For Wheat, labor functions as both a conceptual and formal connective thread that runs throughout her oeuvre. This relates to her labor-intensive process of making a painting, the term’s definition, as well as its historic visual representation. Wheat’s work often employs the visualization of labor as a tool to expose gender and class inequality. For example, in Swamp Hunters (2017), two women carry a large net filled with their game from the day—rabbits, turtles, boars, and a large bobcat. The women are bent over with the net thrown over their shoulders, the weight of the load is palpable in their tired expressions. In the background is a dense network of foliage that the women are traversing through, giving the viewer a sense of the difficult environment they must navigate to survive. Inspired by medieval tapestries and historical tableaux in which human figures often contend with the natural world, Wheat depicts the successful aftermath of the hunt rather than the battle. By omitting the violence of the kill, she conflates the traditional hunter and gatherer roles, giving them equal footing.

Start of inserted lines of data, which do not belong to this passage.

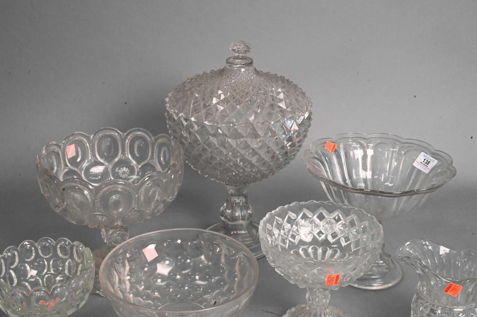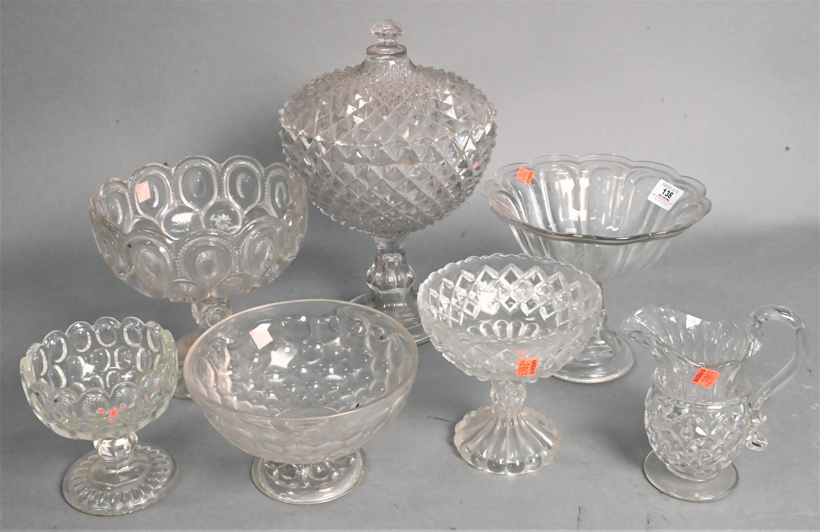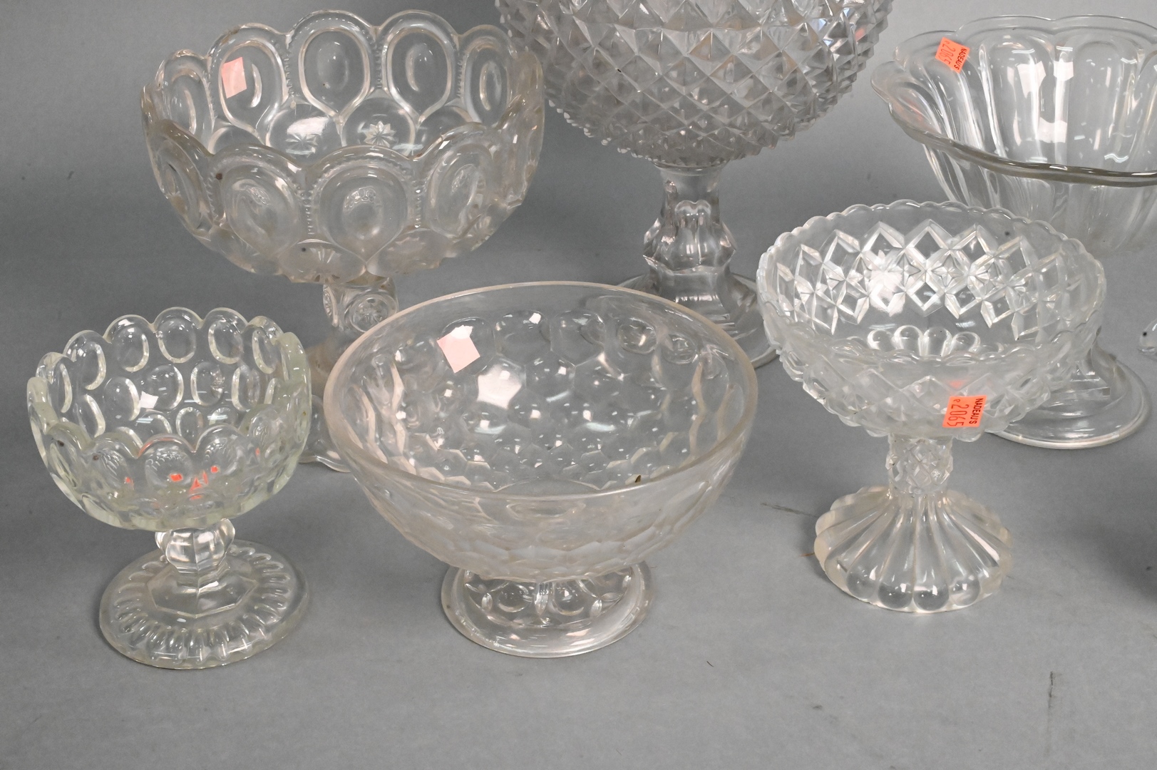 Nine Piece Lot of Mostly Sandwich Glass, to include compotes, etc., tallest 15 inches.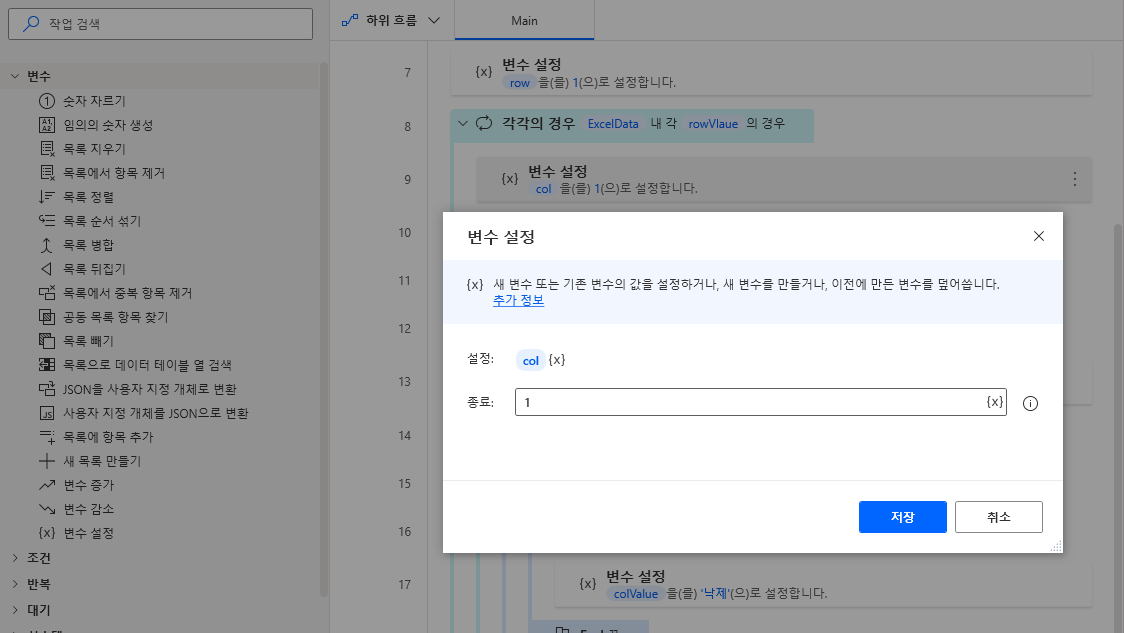 좌측 변수 > 변수 설정을 끌어와 9번 (작업 흐름창 번호)에 위치시키고 변수명은 col, 값은 1을 넣고 저장합니다. 이는 데이터를 넣을 셀 좌표값 중 열 값으로 하단 반복문이 종료될 때 +1씩 증가시켜 줘야 합니다.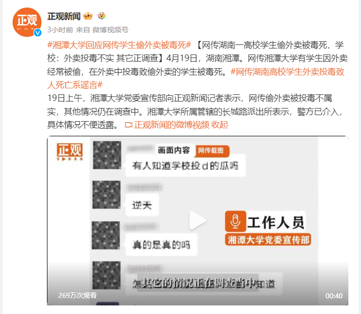 19日上午,湘潭大学党委宣传部向正观新闻记者表示,网传偷外卖被投毒不属实,其他情况仍在调查中。湘潭大学所属管辖的长城路派出所表示,警方已介入,具体情况不便透露。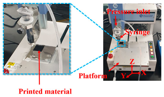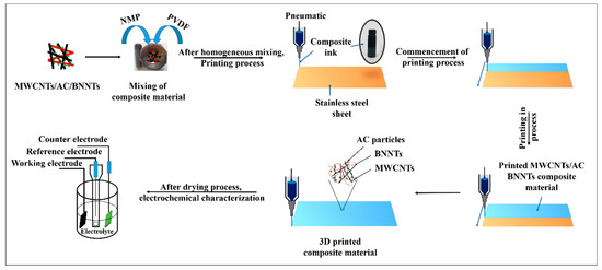 The materials used to fabricate the MWCNTs/AC/BNNTs composite electrode material were purchased and used directly to prepare the electrode material without any further treatment. The MWCNTs were purchased from Korea Co, AC was purchased from Korea Co. and the BNNTs were synthesized according to the following given procedure at the Plasma Center, Department of Physics, Jeonbuk National University, Republic of Korea. The BNNTs were synthesized using a 60 kW radio-frequency (RF) plasma torch system. The BNNT synthesis method using a plasma torch process was introduced by K. S. Kim [18]; it involves forming a high-temperature plasma of h-BN powder and then synthesizing BNNTs during the process of collecting in the collector. It is characteristic of this synthesis method that improved the BNNT manufacturing reaction by adding hydrogen during the synthesis process. However, while it is possible to synthesize BNNTs with very small diameters and excellent crystallization, this method inevitably produces h-BN residual powder and amorphous products during synthesis. The amorphous products are removed through a refining process. The printed MWCNTs/AC/BNNTs composite electrode material was synthesized according to the following listed steps. Initially, certain amounts of MWCNTs and AC (by equal weight ratio as 50 mg each) were taken to mix with certain selected different weight percentages of (BNNTs) (e.g., 0, 0.25, 0.50, 0.75 and 1 wt.%), i.e., 0, 0.25, 0.50, 0.75 and 1 mg. The ternary mixture of the MWCNTs/AC/BNNTs composite material was then mixed uniformly by grinding it for 1 h with a mortar and pestle. To prepare the ternary MWCNTs/AC/BNNTs composite electrode material, a mixture consisting of MWCNTs/AC/BNNTs, carbon black and poly(vinylidene fluoride) at a mass ratio of 8:1:1 (80, 10 and 10 mg) was well grounded for another 1 h with a mortar and pestle. Then the slurry of the latterly prepared mixture was prepared by adding N-methyl-2-pyrrolidinone into it. To make a uniform slurry of the MWCNTs/AC/BNNTs/N-methyl-2-pyrrolidinone solution, it was stirred for 120 min. As the uniform ink was prepared (as shown in the inset of Figure 1), the as-obtained MWCNTs/AC/BNNTs composite suspension was poured into a syringe framework and placed on a pneumatic dispensing system (Musashi Engineering Shot-Mini 200Sx, Japan) to apply a controlled pressure for the printing process. The syringe was mounted on a robotic head controlled by commercial software that enabled deposition of the ink composed of MWCNTs/AC/BNNTs through a movable stage. The film of the profile to be printed was transmitted to the robotic arm by the software as a series of coordinates. Air pressure of 72 KPa was applied from the dispenser, which forced the material (MWCNTs/AC/BNNTs) out of the syringe through the attached stainless-steel nozzle (model SNA-21G-B) of 21 Gauge, with a 0.52 mm internal diameter. The MWCNTs/AC/BNNTs composite solution was deposited layer-by-layer on a stainless-steel sheet skeleton. Finally, it was dried at 60 °C for 24 h before testing of its electrochemical properties.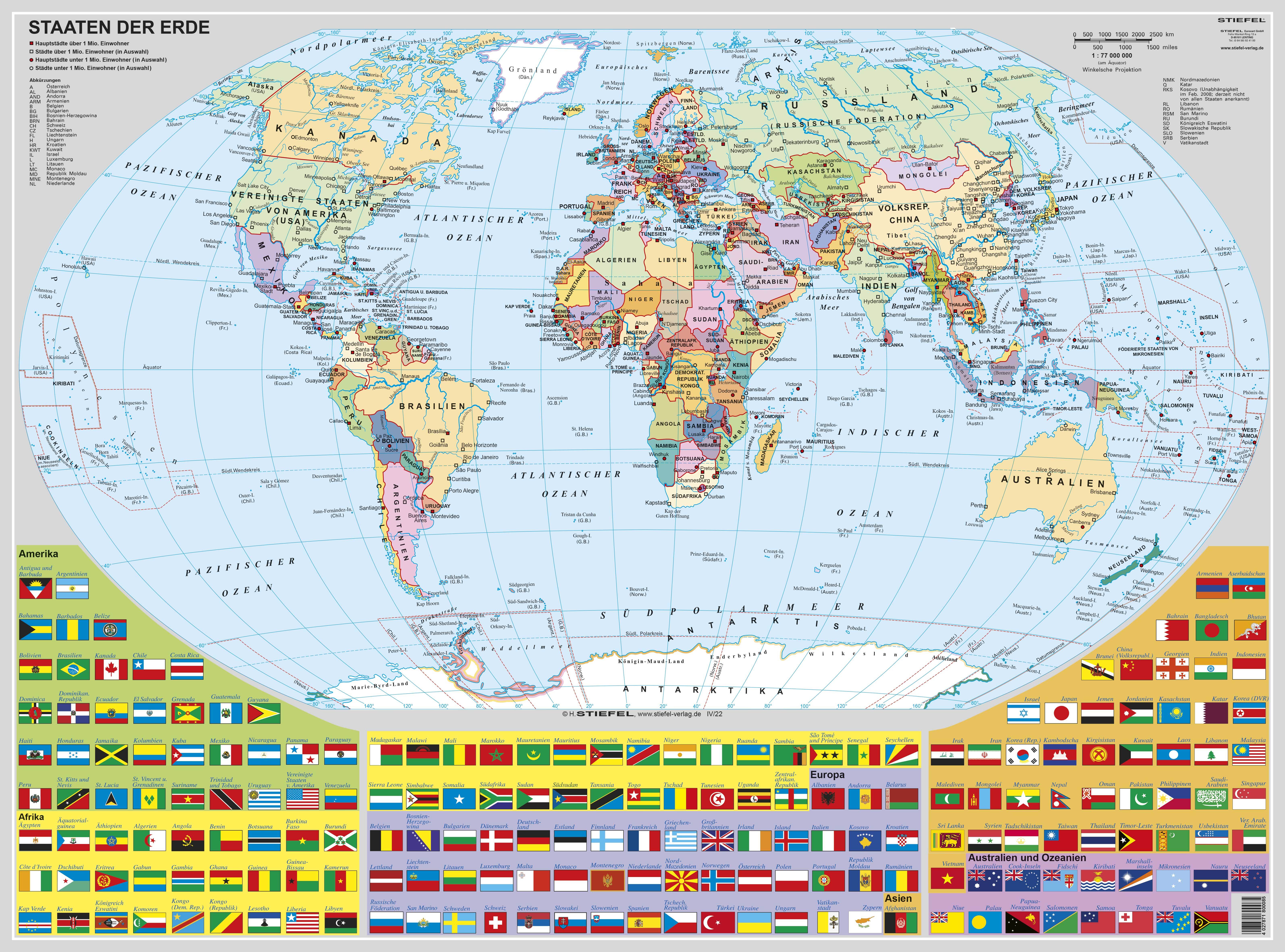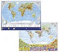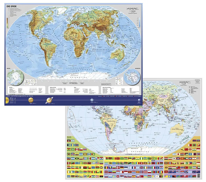 beidseitig bedruckte Schreibunterlage mit Softtouch-Folie veredelt - rutschfest - beschreib- und abwischbar - für Schulbänke passendes Format BxH 54 x 40 cm - physische Darstellung der Erde mit Gebirgsrelief - Ländergrenzen, Hauptstädte und große Städte - Höhe...

A signature aspect of Wheat’s work is her expressive use of color and unique method of building a painting, which integrates various tools, from her fingers, to syringes, to plastic scrapers, to cake decorating paraphernalia. Using vibrant, almost fluorescent colors of acrylic paint, she combines multiple physical techniques—pushing paint through wire mesh, painting directly onto a heavily impastoed surface, or applying select embellishments—that require her to move around her canvas, working both vertically and horizontally, on the front and the back of each piece. Wheat’s methods and engagement with the emotive nature of color embrace intuition and felt experience over conventional reason and logic, destabilizing the boundaries between figure and ground, representation and abstraction, portrait and landscape, and fine art and craft. The result is tactile, vivid  work that engages process, form, and narrative equally, creating layered, non-linear compositions that offer alternative versions of history, mythology, and folklore.

Wheat received a B.A. from the University of Central Oklahoma and an M.F.A. from Savannah College of Art and Design. Solo exhibitions of her work have been organized at the Mint Museum, Charlotte, NC (2021); Kemper Museum of Contemporary Art, Kansas City, MO (2020); KMAC Museum, Louisville, KY (2019); Shulamit Nazarian, Los Angeles, CA (2018); Smack Mellon, New York, NY (2018); Henry Art Gallery, University of Washington, Seattle, WA (2017); and Oklahoma Contemporary, Oklahoma City, OK (2016). Select group exhibitions featuring her work include,Yaro Pickers, Harper’s Books, New York, NY (2020); Summer Wheat and Hirosuke Yabe, Wasserman Projects, Detroit, MI (2019); America Will Be! Surveying the Contemporary Landscape, Dallas Museum of Art, Dallas, TX (2019); The Magnetic Fields, Gio Marconi, Milan, Italy (2019); SEED, Paul Kasmin Gallery, New York, NY (2018); More Material, Salon 94, New York, NY (2014); Expanding the Field of Abstraction, Institute of Contemporary Art, Boston, MA (2013-14); beyond the stretcher, deCordova Museum and Sculpture Park, Lincoln, MA (2013); and Paradox Maintenance Technicians: A comprehensive technical manual to contemporary painting from Los Angeles and Beyond, Torrance Art Museum, Torrance, CA (2013). Wheat’s work is in numerous public and private collections, including the Dallas Museum of Art, Dallas, TX; de Young Museum, San Francisco, CA; Peréz Art Museum Miami, Miami, FL; The Henry Art Gallery at the University of Washington, Seattle, WA; The Mint Museum, Charlotte, NC; and the Speed Art Museum in Louisville, KY. Wheat has received several awards and prizes including, the Northern Trust Purchase Prize at EXPO Chicago (2019) and the New York NADA Artadia Award (2016).